### TASK TO COMPLETE
Return every line of the records below verbatim, with no pictures in the copy.

####################

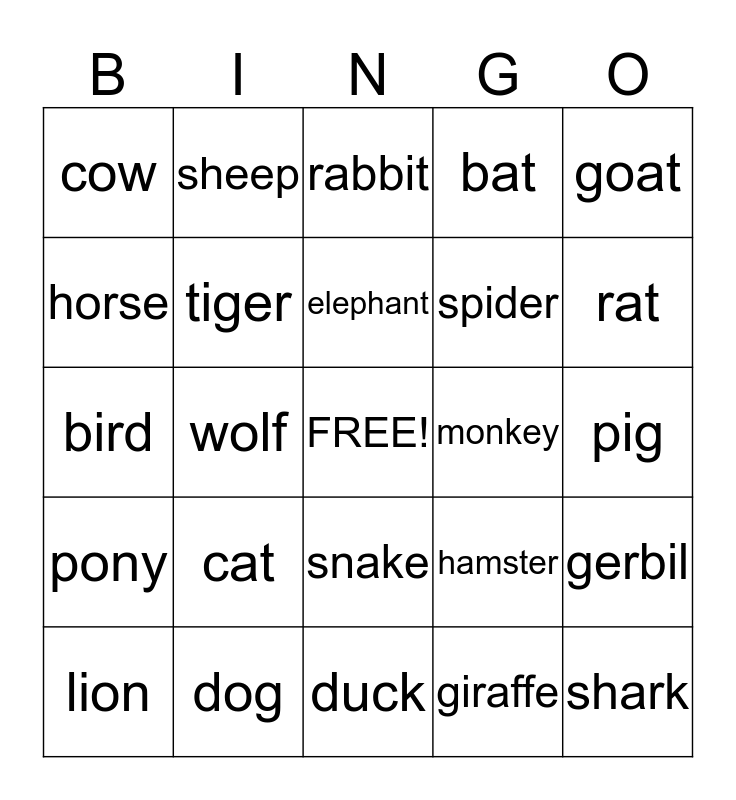 This bingo card has a free space and 24 words: cat, dog, elephant, lion, goat, cow, horse, sheep, monkey, snake, spider, bird, hamster, gerbil, tiger, giraffe, pig, rabbit, rat, wolf, shark, pony, bat and duck.
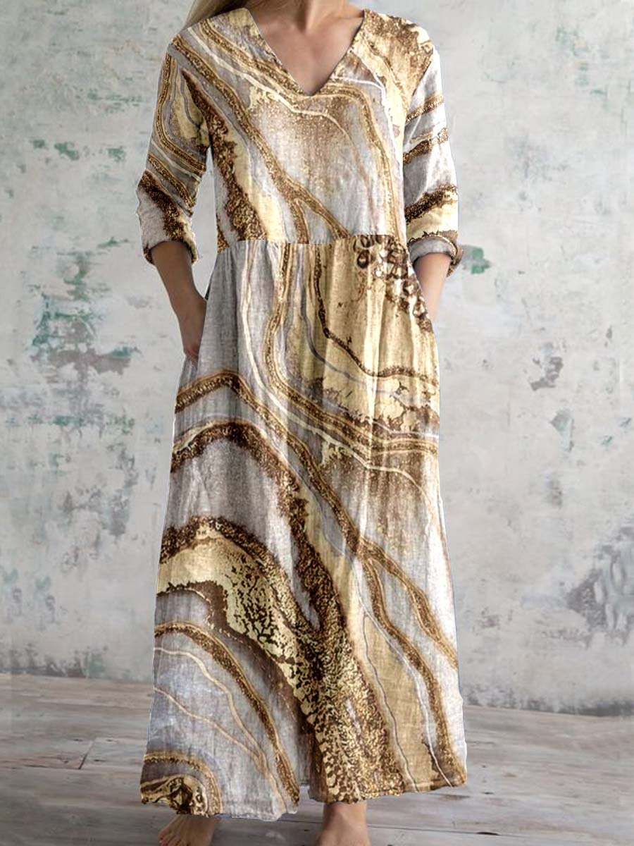 Women's Gilt Artistic V-Neck Cotton And Linen Dress With Pockets
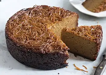 Noodle kugel (לאָקשן קוגל lokshen kugel, pronounced [ˈkʊɡl̩]), also known as lokshen kugel or kigel, is an Ashkenazi Jewish casserole that is traditionally served as a side dish and popular variety of kugel made with lokshen noodles and either a variety of dairy or pareve ingredients, often served on Shabbat and Jewish holidays.
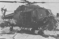 The Lynx helicopter damaged by an Argentinian bomb right on the HMS Broadsword flihgt deck
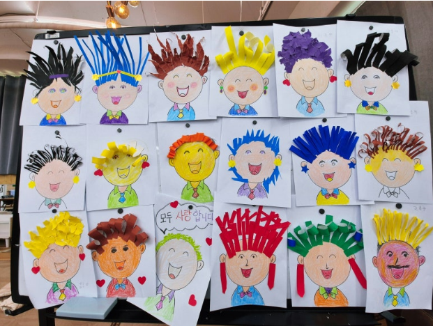 색종이를 말아서 표현 하거나 오리기, 구겨서 찢기 등 여러가지 형태의 머리카락이 표현되며 창의력을 발휘할 수 있는 즐거운 시간이었습니다.
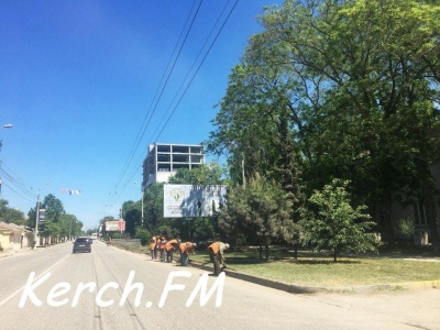 В Керчи 12 мая на улице Свердлова рабочие убирали землю от бордюров на обочине. Как передает корреспондент Керчь.ФМ, собранную землю скидывали на клумбы под деревья.
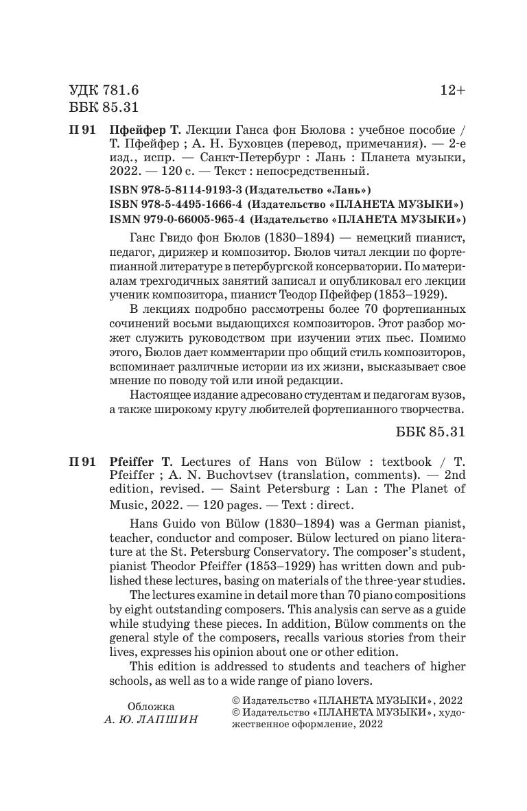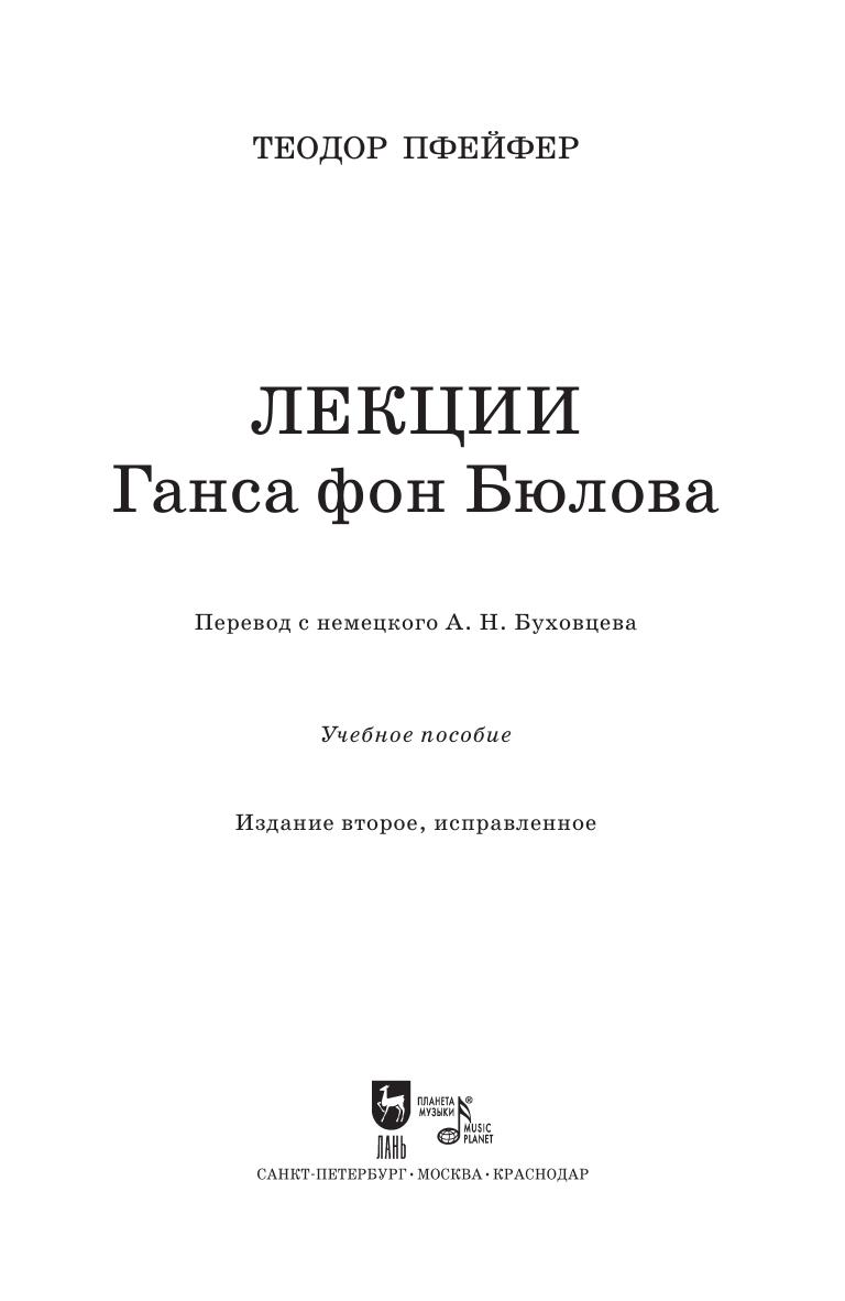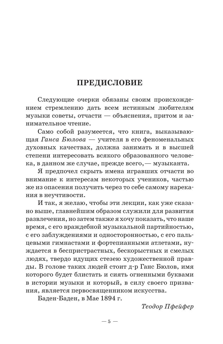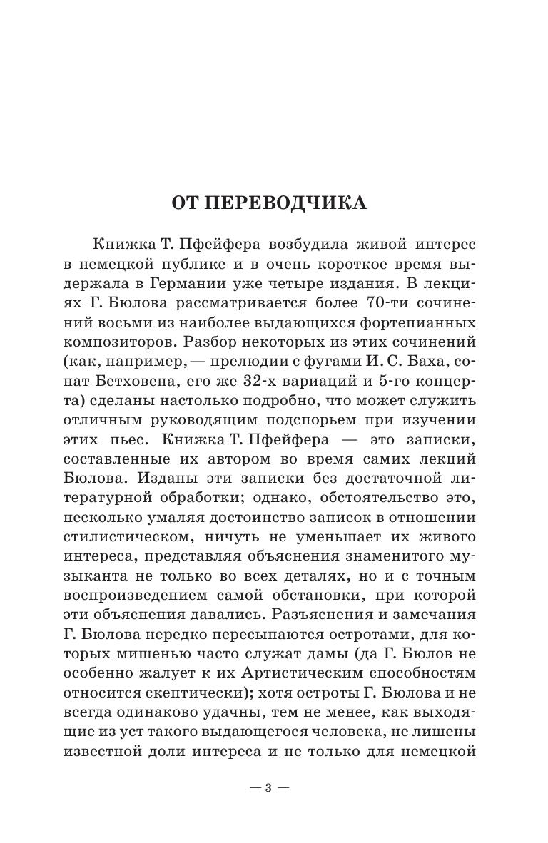 Бюлов Ганс-Гвидо фон (1830-1894) – немецкий пианист, педагог, дирижер и композитор. Во время своего пребывания в Санкт-Петербурге в 1885 году Бюлов читал лекции по фортепианной литературе в зале петербургской консерватории. По материалам трехгодичных занятий записал и опубликовал его лекции ученик композитора, пианист Теодор Пфейфер (1853-1929).

####################

### EXERCISE RESPONSE
 This bingo card has a free space and 24 words: cat, dog, elephant, lion, goat, cow, horse, sheep, monkey, snake, spider, bird, hamster, gerbil, tiger, giraffe, pig, rabbit, rat, wolf, shark, pony, bat and duck.
 Women's Gilt Artistic V-Neck Cotton And Linen Dress With Pockets
 Noodle kugel (לאָקשן קוגל lokshen kugel, pronounced [ˈkʊɡl̩]), also known as lokshen kugel or kigel, is an Ashkenazi Jewish casserole that is traditionally served as a side dish and popular variety of kugel made with lokshen noodles and either a variety of dairy or pareve ingredients, often served on Shabbat and Jewish holidays.
 The Lynx helicopter damaged by an Argentinian bomb right on the HMS Broadsword flihgt deck
 색종이를 말아서 표현 하거나 오리기, 구겨서 찢기 등 여러가지 형태의 머리카락이 표현되며 창의력을 발휘할 수 있는 즐거운 시간이었습니다.
 В Керчи 12 мая на улице Свердлова рабочие убирали землю от бордюров на обочине. Как передает корреспондент Керчь.ФМ, собранную землю скидывали на клумбы под деревья.
 Бюлов Ганс-Гвидо фон (1830-1894) – немецкий пианист, педагог, дирижер и композитор. Во время своего пребывания в Санкт-Петербурге в 1885 году Бюлов читал лекции по фортепианной литературе в зале петербургской консерватории. По материалам трехгодичных занятий записал и опубликовал его лекции ученик композитора, пианист Теодор Пфейфер (1853-1929).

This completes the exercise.